大相撲は「お国自慢」の文化――琴奨菊の優勝を日本人として喜ぶ

 栃木、宮城、滋賀、石川、茨城、熊本、福岡、島根、岐阜……これは、初代横綱明石志賀之助以来、歴代横綱の出身地を順に並べたものだ(重複は除く)。

 徳川幕府の時代、江戸や浪花の大都会で人気を博した大相撲興行は、地方の国々出身の力士たちの活躍によって盛んになった。

 いや、神代の昔に出雲出身の野見宿禰(のみのすくね)が、大和(都)の当麻蹴速(たいまのけはや)を破って以来、大相撲は地方出身の力自慢が都で活躍する姿を、同じく地方から都へ出てきた同郷者たちが「お国自慢」として贔屓し、応援するなかで発展したと言える。

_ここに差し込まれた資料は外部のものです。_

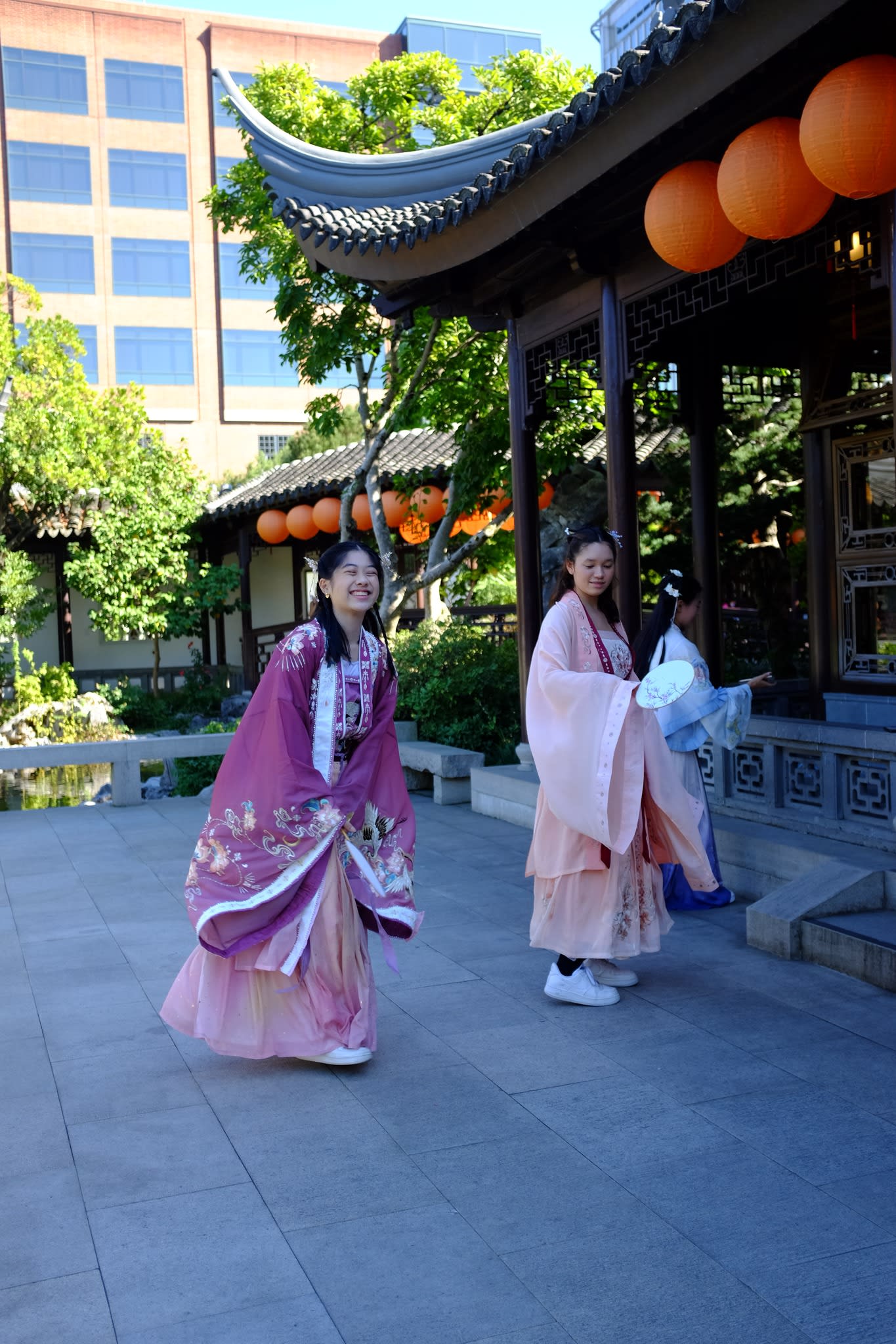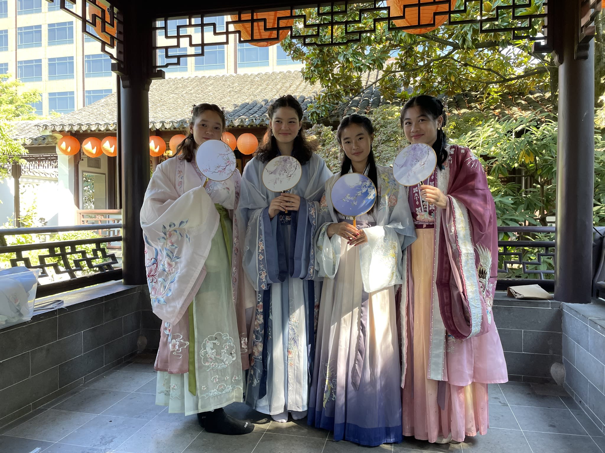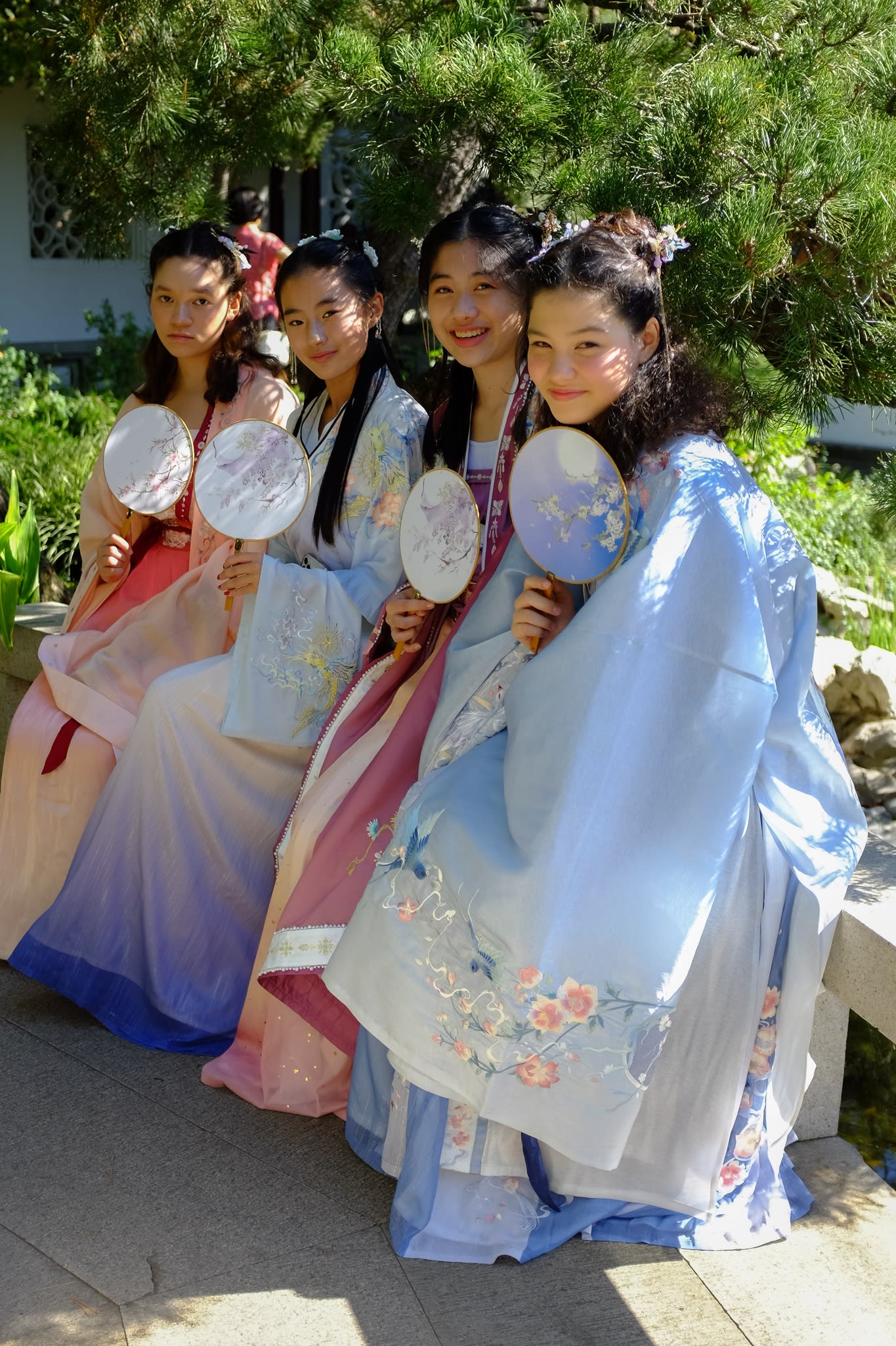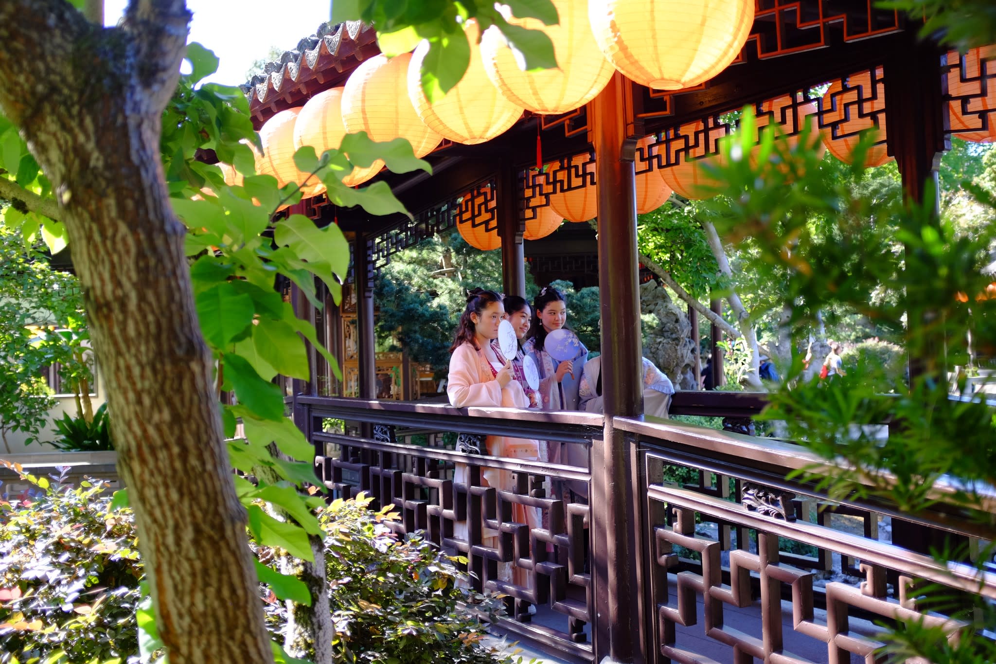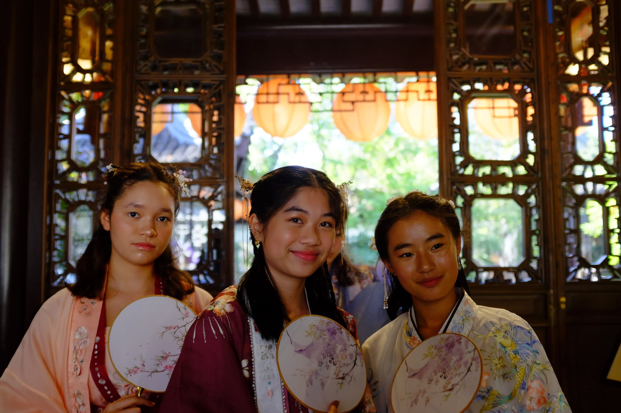 这是我们一直期待的,由身着汉服的女孩子们们展示中国传统服饰之美的WOW时刻。周日下午,青少年舞蹈队的四名高中生来到了兰苏园,尽情享受传统园林带给她们的意境。同时,她们的出现,也让花园穿越时空,似乎回到一千年前的朝代。

 従って江戸時代とは格段に交通が発達した21世紀の今日は、都(都会)には世界中から力自慢の大男たちが集まるようになり、ハワイ、東サモア、モンゴルなどの出身力士が横綱になり、エストニア、ブルガリアなどの出身力士も優勝賜杯を握るようになった。航空網によって地球が狭くなったのだから、それらは当然の結果と言うべきだろう。

 彼ら「外(と)つ国」(都から遠く離れた国)からやって来た力士たちも都の大相撲のしきたりに従い、大銀杏を結い、まわしを締め、土俵の上で四股を踏み、大地を踏み固め、五穀豊穣を祈願する。あるいは羽織袴を身に付け、夏は鯔背(いなせ)に浴衣を纏(まと)い、大和言葉(日本語)を話し、大きな手形を押した色紙に、毛筆で墨痕(ぼっこん)鮮(あざや)やかに四股名を書く。

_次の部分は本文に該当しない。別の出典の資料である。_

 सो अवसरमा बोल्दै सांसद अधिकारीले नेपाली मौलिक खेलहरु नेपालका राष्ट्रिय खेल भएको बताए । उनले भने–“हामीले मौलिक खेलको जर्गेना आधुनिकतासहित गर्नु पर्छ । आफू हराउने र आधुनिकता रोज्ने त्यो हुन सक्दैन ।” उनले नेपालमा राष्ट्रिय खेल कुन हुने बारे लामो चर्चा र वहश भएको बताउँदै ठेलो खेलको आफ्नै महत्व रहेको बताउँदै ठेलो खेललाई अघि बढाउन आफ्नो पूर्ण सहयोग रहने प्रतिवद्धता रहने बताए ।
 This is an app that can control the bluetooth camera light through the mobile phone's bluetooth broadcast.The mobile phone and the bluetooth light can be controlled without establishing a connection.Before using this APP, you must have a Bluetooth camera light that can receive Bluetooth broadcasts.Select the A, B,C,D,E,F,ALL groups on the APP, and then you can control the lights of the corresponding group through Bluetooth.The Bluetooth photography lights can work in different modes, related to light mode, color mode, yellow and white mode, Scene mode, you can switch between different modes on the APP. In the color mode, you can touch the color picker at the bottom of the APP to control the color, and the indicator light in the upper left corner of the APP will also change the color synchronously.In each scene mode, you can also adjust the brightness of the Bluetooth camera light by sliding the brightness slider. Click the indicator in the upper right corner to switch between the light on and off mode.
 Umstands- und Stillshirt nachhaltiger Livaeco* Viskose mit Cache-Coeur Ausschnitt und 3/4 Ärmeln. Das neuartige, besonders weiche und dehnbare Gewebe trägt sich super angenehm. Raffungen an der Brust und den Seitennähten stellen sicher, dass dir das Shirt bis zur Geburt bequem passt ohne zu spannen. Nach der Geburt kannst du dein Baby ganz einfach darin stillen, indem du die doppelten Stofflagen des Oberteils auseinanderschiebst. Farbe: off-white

 そんな日本文化の継承者たちを、外国人呼ばわりするのは笑止千万。ましてやTシャツ姿でジーパンを履いた若者がハンバーガーやフライドポテトを口にしながら、最近は外国人横綱ばかり……などと嘆くのも本末転倒。もともと大相撲とは、地方(外つ国)の出身者が都で活躍する姿を、同郷の出身者が都で応援するという文化だったのだ。

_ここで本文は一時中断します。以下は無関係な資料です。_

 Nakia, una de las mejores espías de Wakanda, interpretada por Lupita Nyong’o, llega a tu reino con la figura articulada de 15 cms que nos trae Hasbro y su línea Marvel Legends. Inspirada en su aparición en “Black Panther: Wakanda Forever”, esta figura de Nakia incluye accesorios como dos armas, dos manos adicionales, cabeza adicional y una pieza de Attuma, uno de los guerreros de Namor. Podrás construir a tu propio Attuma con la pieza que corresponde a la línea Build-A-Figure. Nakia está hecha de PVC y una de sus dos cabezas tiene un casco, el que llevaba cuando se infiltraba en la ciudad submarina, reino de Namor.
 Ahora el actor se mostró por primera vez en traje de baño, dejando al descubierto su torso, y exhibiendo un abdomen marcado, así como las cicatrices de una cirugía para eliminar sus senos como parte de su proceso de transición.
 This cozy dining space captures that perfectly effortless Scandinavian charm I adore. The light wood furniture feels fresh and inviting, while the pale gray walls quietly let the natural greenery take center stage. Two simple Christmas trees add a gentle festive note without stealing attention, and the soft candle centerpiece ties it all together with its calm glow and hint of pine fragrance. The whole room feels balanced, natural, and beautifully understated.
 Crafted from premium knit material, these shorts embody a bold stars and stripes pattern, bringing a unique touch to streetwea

 ……と、ここまで理解したうえで、初場所の琴奨菊の大活躍、日本出身力士十年ぶりの優勝を喜びたい。それは私も日本出身者であり、日本人だから、という以外に理由はない。狭くなった地球上で、日本という地域に暮らす相撲ファンとして、同郷者の活躍は、やはり嬉しいものだ。

 大正6(1917)年に史上初の浪花出身の横綱大錦が誕生したときや、昭和24(1949)年に初めて江戸っ子横綱東富士が生まれたときも、大阪や東京の都会で生まれ育った相撲ファンは大喜びしたという。それと同じ気持ちだ。もちろん琴奨菊と同じ筑紫の国(福岡県)に住む人々や出身者は、喜びも一入(ひとしお)だろう。

 都市(都)には多くの異質な人々が集まり、その人々の共通の話題となる文化が生まれる。大相撲もオリンピックも、そのような必要性のなかから生まれた都市の文化と言えるのだ。